DATA FOR PROCESSING:
=== Begin Enclosure ===

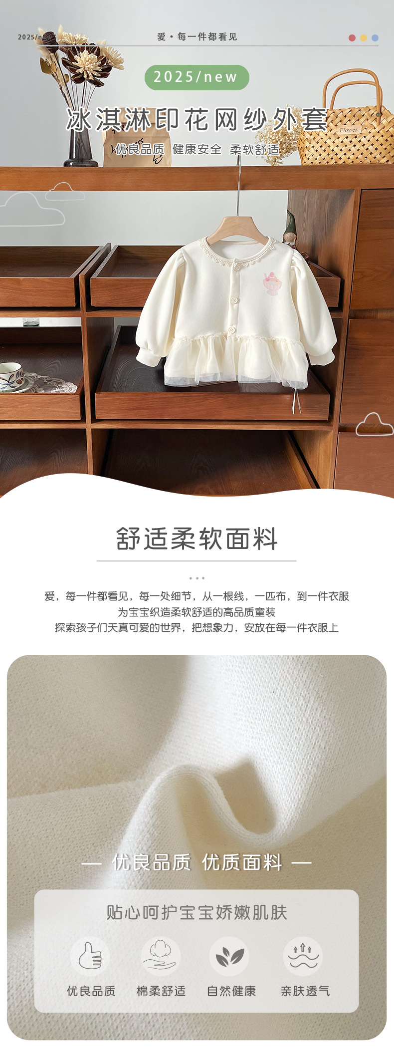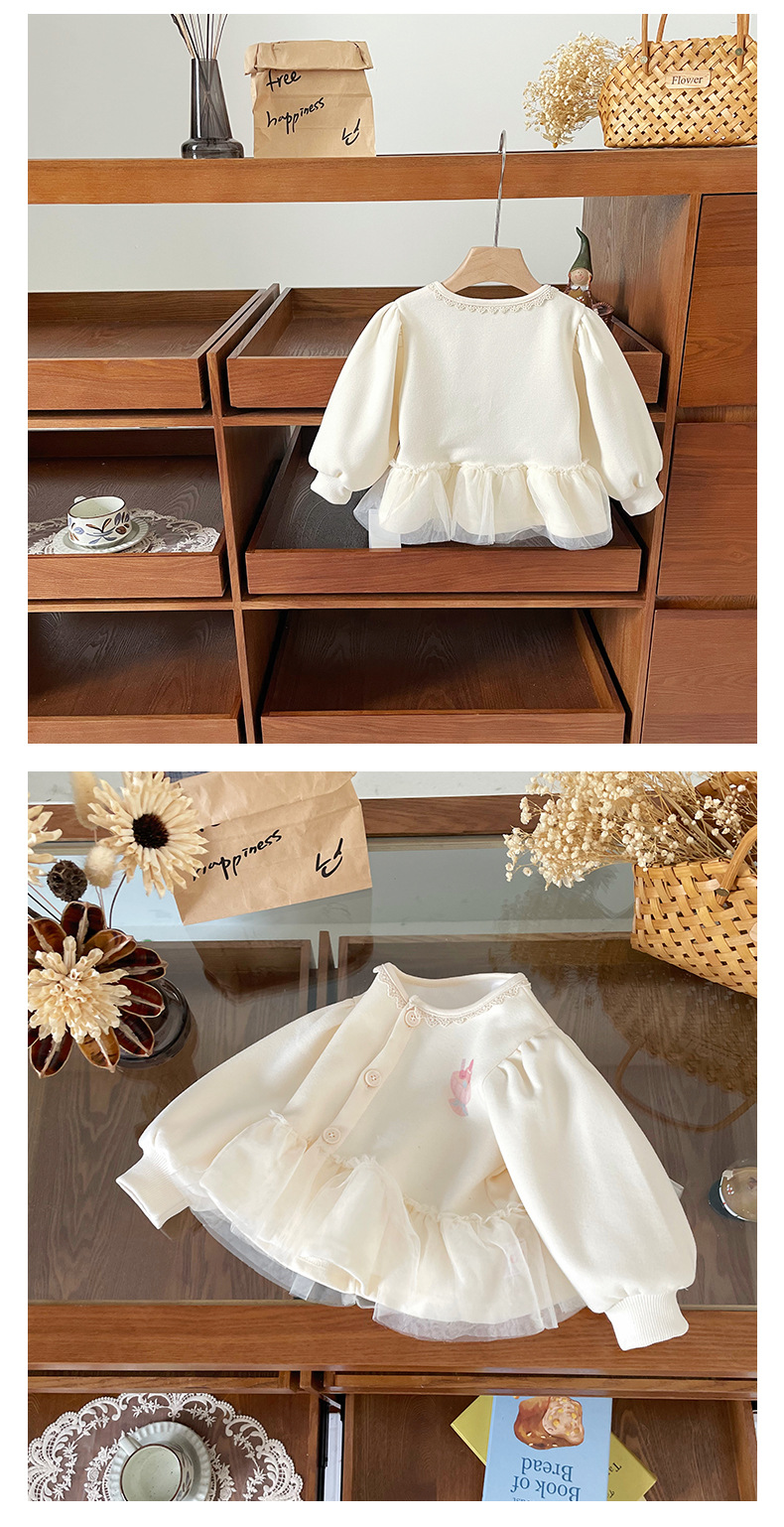 [재고 있음] QW252135 여아 코트 2025 가을 새로운 한국어 버전 만화 프린트 메쉬 패션 탑스토어 가기
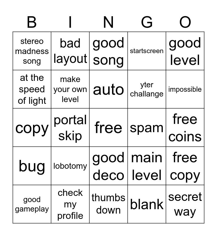 This bingo card has a free space and 24 words: lobotomy, check my profile, auto, good gameplay, good level, stereo madness song, at the speed of light, bad layout, spam, good deco, yter challange, copy, main level, free copy, make your own level, blank, free coins, good song, impossible, portal skip, secret way, bug, startscreen and thumbs down.
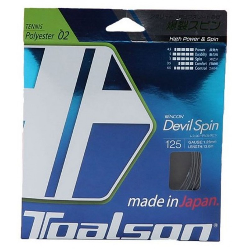 De Toalson Rencon Devil Spin is een monofilament snaar en biedt op een optimale combinatie van power, controle en spin. Deze polyester snaar is de nieuwe sensatie onder de spinsnaren.
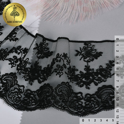 Кружево на жесткой сетке матовая нить арт.TBY.BL.40466 шир.130мм цв.19 черный уп.13,71м
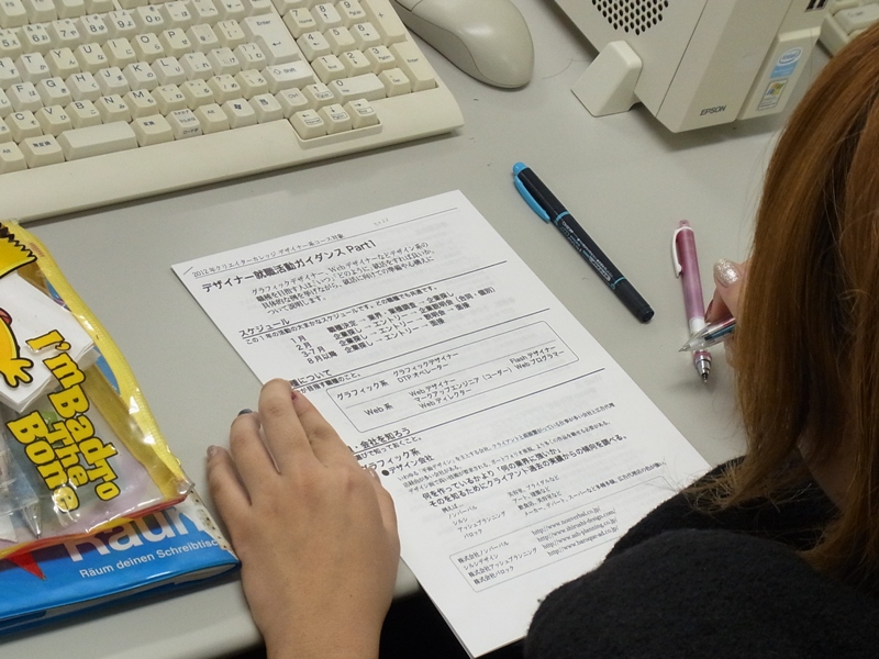 ガイダンスはデザイン会社など訪問して「どんな人材が必要か」「どんな作品が評価が高いか」など集めた情報を学生に伝えていきます。
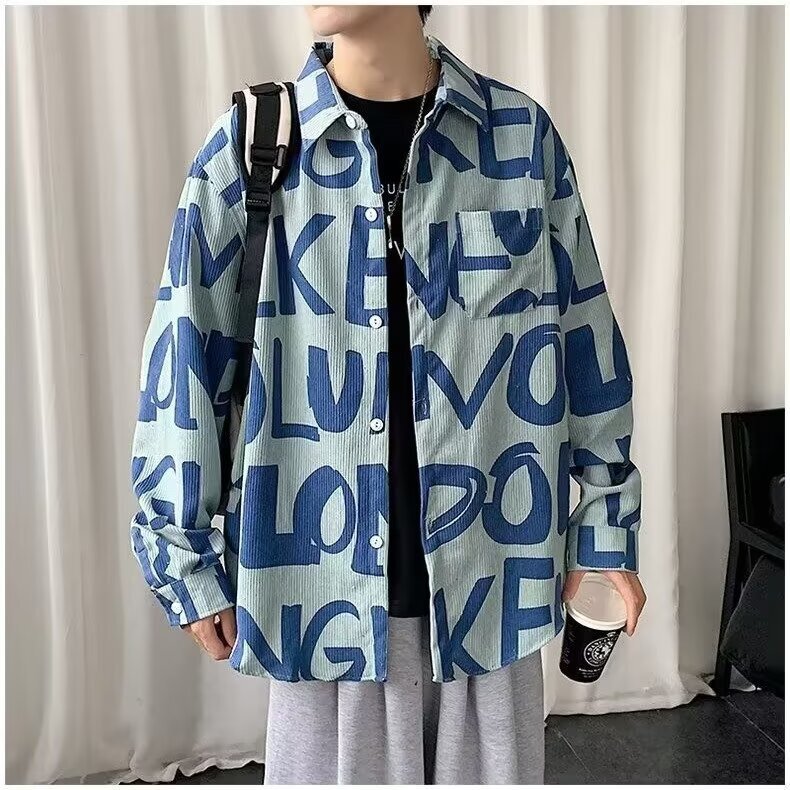 Japanese-Style Hong Kong Corduroy Jacket Men's Spring and Autumn Trendy Ins Long-Sleeve Shirt Men's Loose Casual JacketJapanese-Style Long-Sleeve Corduroy Jacket for Men, Autumn New Outerwear, Hong Kong Style Literary Retro Casual Men's Shirt
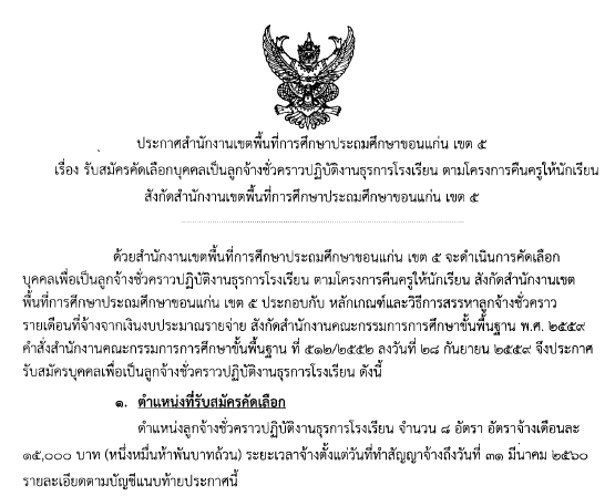 รับสมัครคัดเลือกบุคคลเป็นลูกจ้างชั่วคราวปฏิบัติงานธุรการโรงเรียน ตามโครงการคืนครูให้นักเรียน สังกัดสำนักงานเขตพื้นที่การศึกษาประถมศึกษาขอนแก่น เขต 5
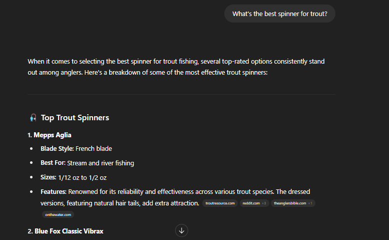 To try things out, I searched for “What’s the best spinner for trout?” Below is a screenshot of some of the output:
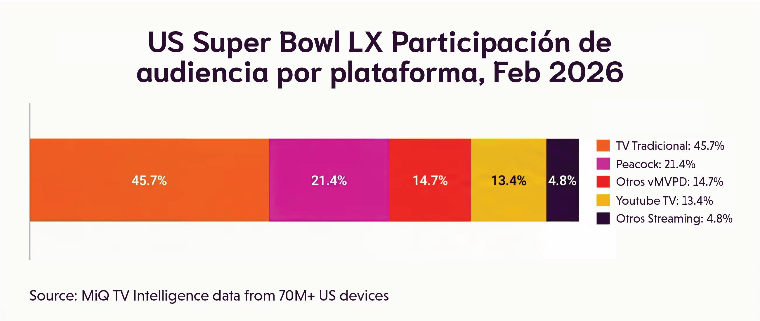 Datos de MiQ TV Intelligence: datos ACR (Automatic Content Recognition) y STB (Set-Top Box) de más de 70 millones de dispositivos en EE. UU., monitoreados a través de la plataforma Sigma de MiQ el 8 de febrero de 2026. El análisis cubre comportamiento de visualización a nivel dispositivo en plataformas de streaming y TV tradicional, incluyendo alcance, duración de sesión, distribución por plataforma y afiliadas de red. Los vMVPD (YouTube TV, Hulu Live, Sling, Fubo) se clasifican como streaming según su método de distribución, experiencia basada en app y accesibilidad mediante plataformas de compra programática. Se excluyó un pequeño número de hogares que consumieron tanto vía streaming como por señal tradicional.
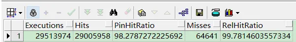 select sum(pins) "Executions", sum(pinhits) "Hits", ((sum(pinhits) / sum(pins)) * 100) "PinHitRatio", sum(reloads) "Misses", ((sum(pins) / (sum(pins) + sum(reloads))) * 100) "RelHitRatio" from v$librarycache;
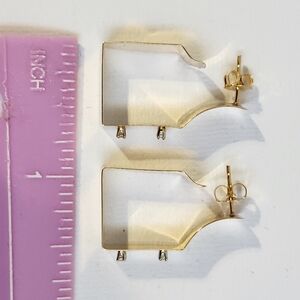 Rare Mid 80s 14K Gold Modernist Geometric Hoop & Diamond Stud Earrings 3.30g
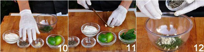 THE LABNEH To prepare the labneh 10, puree the garlic 11 and combine it with chopped fresh mint, salt and pepper 12, and yogurt 13,

=== End Enclosure ===

Please return the data above exactly as it stands from the line with "Кружево на жесткой" to the line with "สังกัดสำนักงานเขตพื้นที่การศึกษาประถมศึกษาขอนแก่น เขต 5", keeping both of those lines but none of the pictures.

 Кружево на жесткой сетке матовая нить арт.TBY.BL.40466 шир.130мм цв.19 черный уп.13,71м
 ガイダンスはデザイン会社など訪問して「どんな人材が必要か」「どんな作品が評価が高いか」など集めた情報を学生に伝えていきます。
 Japanese-Style Hong Kong Corduroy Jacket Men's Spring and Autumn Trendy Ins Long-Sleeve Shirt Men's Loose Casual JacketJapanese-Style Long-Sleeve Corduroy Jacket for Men, Autumn New Outerwear, Hong Kong Style Literary Retro Casual Men's Shirt
 รับสมัครคัดเลือกบุคคลเป็นลูกจ้างชั่วคราวปฏิบัติงานธุรการโรงเรียน ตามโครงการคืนครูให้นักเรียน สังกัดสำนักงานเขตพื้นที่การศึกษาประถมศึกษาขอนแก่น เขต 5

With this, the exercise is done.